**PROBLEM REQUIREMENTS:** Each entry below should be output exactly, apart from its images.

Start of DATA IN THIS EXERCISE

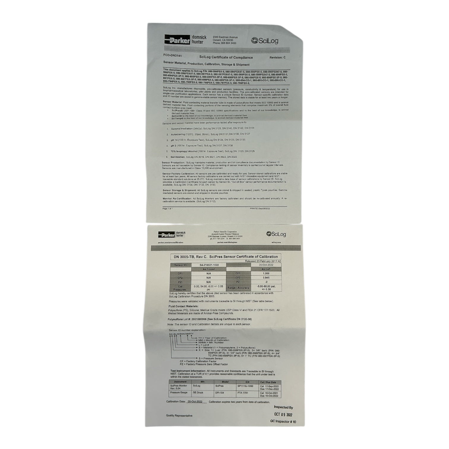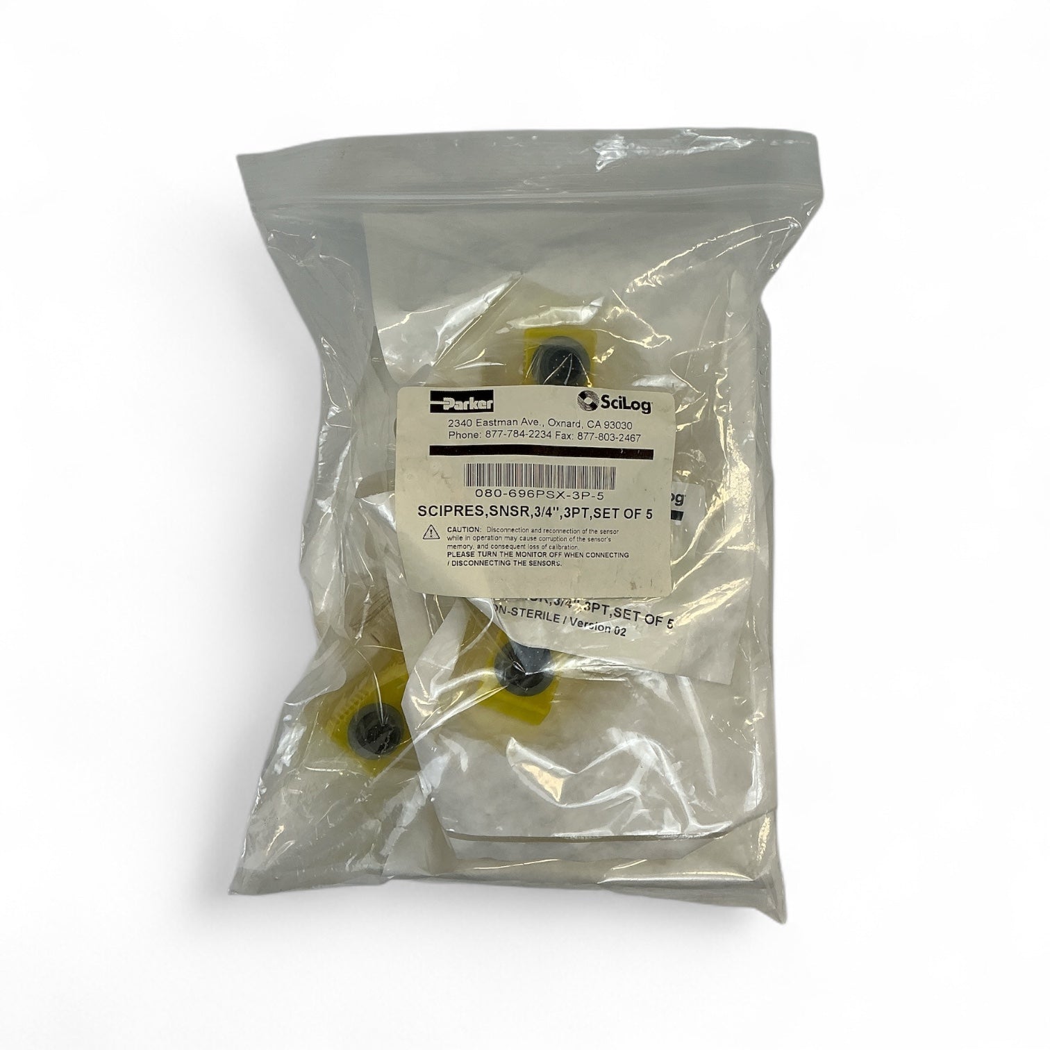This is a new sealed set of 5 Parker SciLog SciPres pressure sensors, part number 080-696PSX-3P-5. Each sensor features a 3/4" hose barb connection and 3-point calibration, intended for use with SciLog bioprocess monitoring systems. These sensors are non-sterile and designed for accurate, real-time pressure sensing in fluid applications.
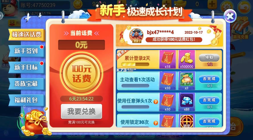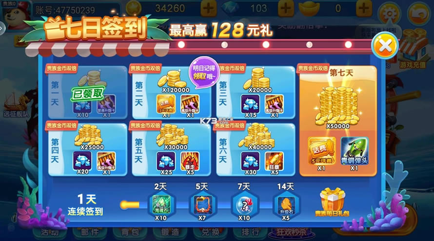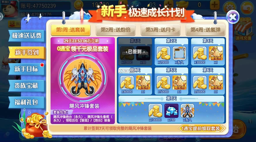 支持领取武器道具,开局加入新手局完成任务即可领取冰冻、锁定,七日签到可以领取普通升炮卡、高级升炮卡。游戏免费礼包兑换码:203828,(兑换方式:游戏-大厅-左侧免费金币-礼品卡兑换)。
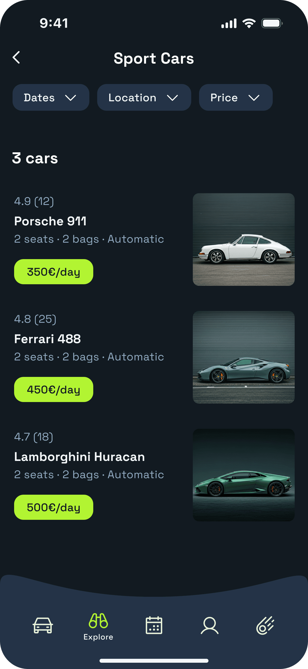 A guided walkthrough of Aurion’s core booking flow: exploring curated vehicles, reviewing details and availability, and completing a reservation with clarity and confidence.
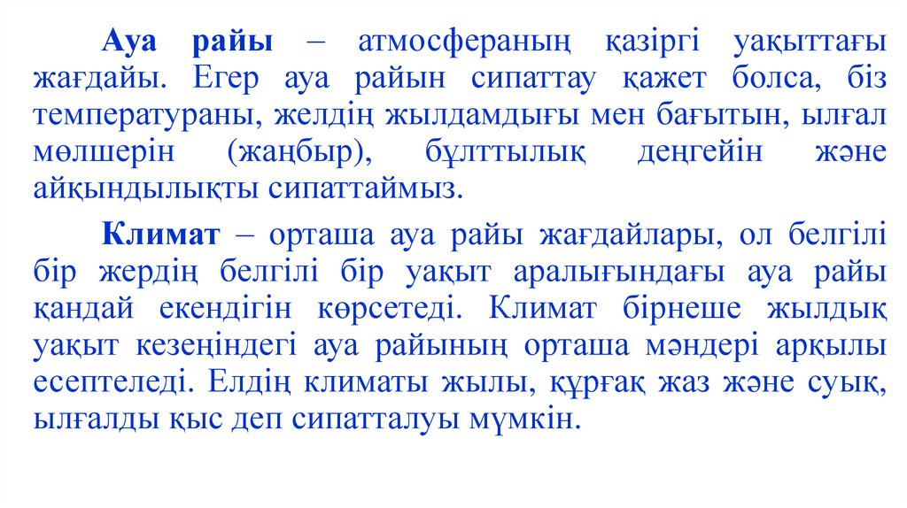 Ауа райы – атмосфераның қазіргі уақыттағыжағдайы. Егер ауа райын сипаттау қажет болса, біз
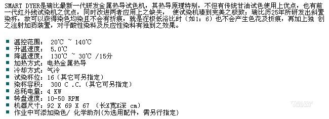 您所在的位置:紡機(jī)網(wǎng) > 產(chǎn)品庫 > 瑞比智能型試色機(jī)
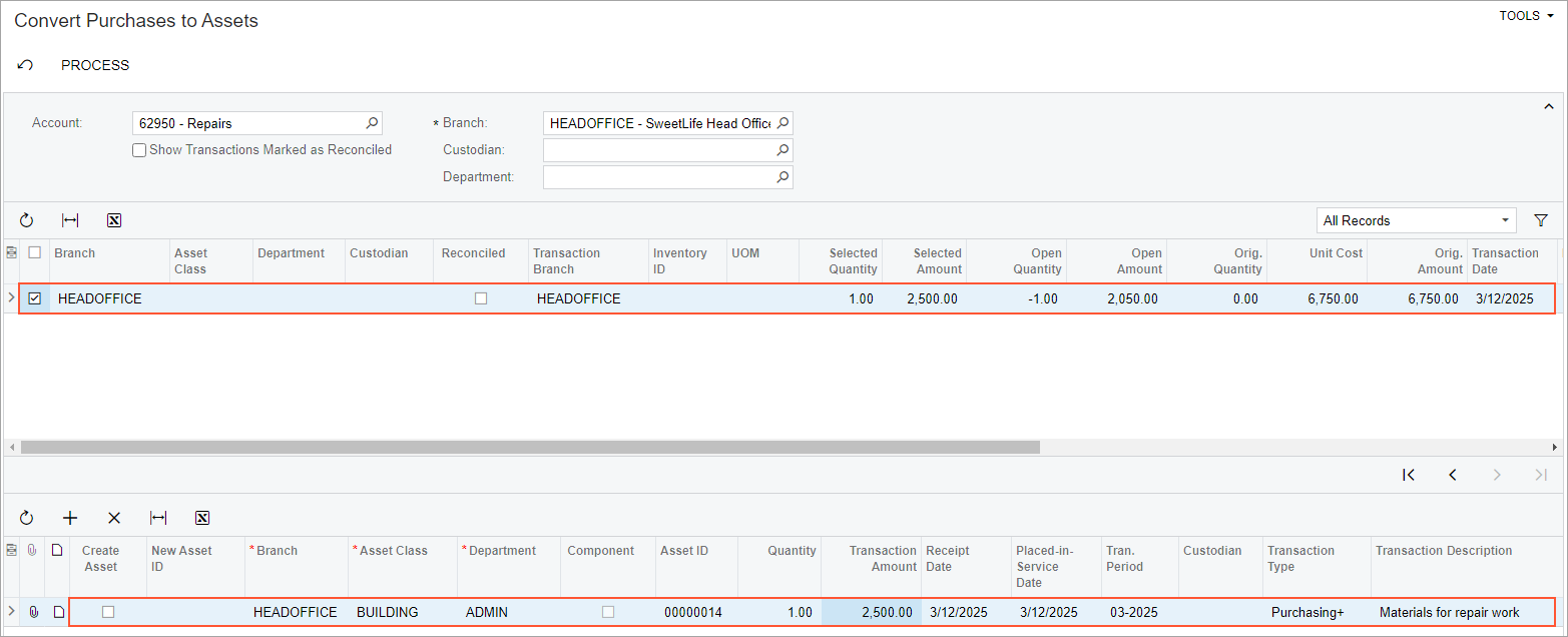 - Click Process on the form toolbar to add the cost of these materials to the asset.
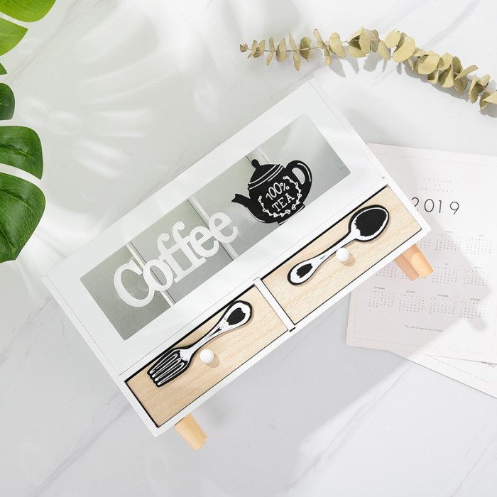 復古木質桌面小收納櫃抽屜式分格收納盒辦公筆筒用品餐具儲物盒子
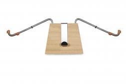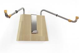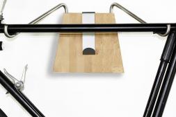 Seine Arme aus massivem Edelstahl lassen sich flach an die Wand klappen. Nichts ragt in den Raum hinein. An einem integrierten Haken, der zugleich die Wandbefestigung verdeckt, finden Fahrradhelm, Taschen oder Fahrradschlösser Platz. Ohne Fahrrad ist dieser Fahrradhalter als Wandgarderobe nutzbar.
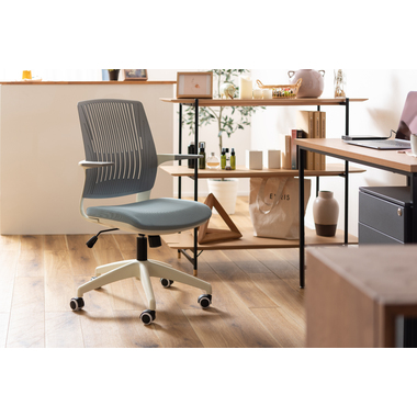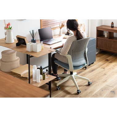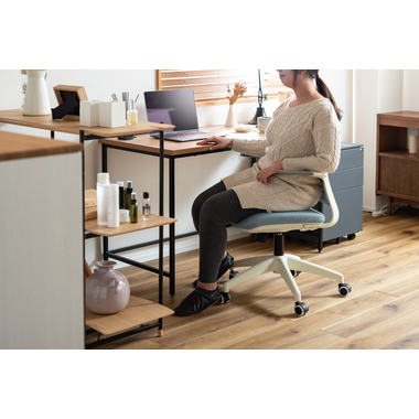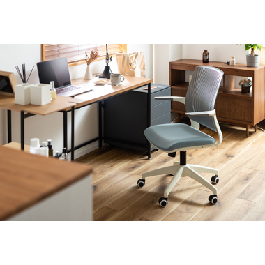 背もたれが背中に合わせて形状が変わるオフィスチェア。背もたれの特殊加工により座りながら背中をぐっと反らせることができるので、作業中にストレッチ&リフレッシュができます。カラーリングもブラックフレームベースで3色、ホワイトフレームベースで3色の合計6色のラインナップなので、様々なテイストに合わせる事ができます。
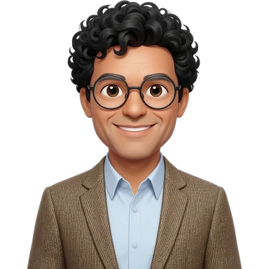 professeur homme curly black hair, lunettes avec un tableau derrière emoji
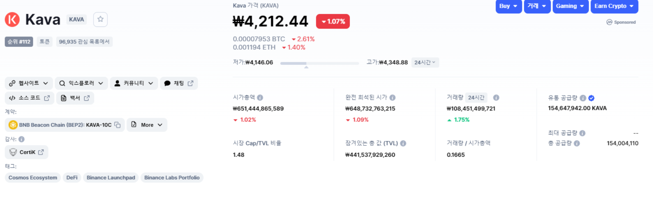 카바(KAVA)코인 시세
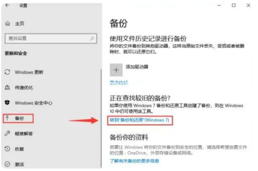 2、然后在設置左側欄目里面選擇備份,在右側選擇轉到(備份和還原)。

End of DATA IN THIS EXERCISE

**SOLUTION:**
This is a new sealed set of 5 Parker SciLog SciPres pressure sensors, part number 080-696PSX-3P-5. Each sensor features a 3/4" hose barb connection and 3-point calibration, intended for use with SciLog bioprocess monitoring systems. These sensors are non-sterile and designed for accurate, real-time pressure sensing in fluid applications.
 支持领取武器道具,开局加入新手局完成任务即可领取冰冻、锁定,七日签到可以领取普通升炮卡、高级升炮卡。游戏免费礼包兑换码:203828,(兑换方式:游戏-大厅-左侧免费金币-礼品卡兑换)。
 A guided walkthrough of Aurion’s core booking flow: exploring curated vehicles, reviewing details and availability, and completing a reservation with clarity and confidence.
 Ауа райы – атмосфераның қазіргі уақыттағыжағдайы. Егер ауа райын сипаттау қажет болса, біз
 您所在的位置:紡機(jī)網(wǎng) > 產(chǎn)品庫 > 瑞比智能型試色機(jī)
 - Click Process on the form toolbar to add the cost of these materials to the asset.
 復古木質桌面小收納櫃抽屜式分格收納盒辦公筆筒用品餐具儲物盒子
 Seine Arme aus massivem Edelstahl lassen sich flach an die Wand klappen. Nichts ragt in den Raum hinein. An einem integrierten Haken, der zugleich die Wandbefestigung verdeckt, finden Fahrradhelm, Taschen oder Fahrradschlösser Platz. Ohne Fahrrad ist dieser Fahrradhalter als Wandgarderobe nutzbar.
 背もたれが背中に合わせて形状が変わるオフィスチェア。背もたれの特殊加工により座りながら背中をぐっと反らせることができるので、作業中にストレッチ&リフレッシュができます。カラーリングもブラックフレームベースで3色、ホワイトフレームベースで3色の合計6色のラインナップなので、様々なテイストに合わせる事ができます。
 professeur homme curly black hair, lunettes avec un tableau derrière emoji
 카바(KAVA)코인 시세
 2、然后在設置左側欄目里面選擇備份,在右側選擇轉到(備份和還原)。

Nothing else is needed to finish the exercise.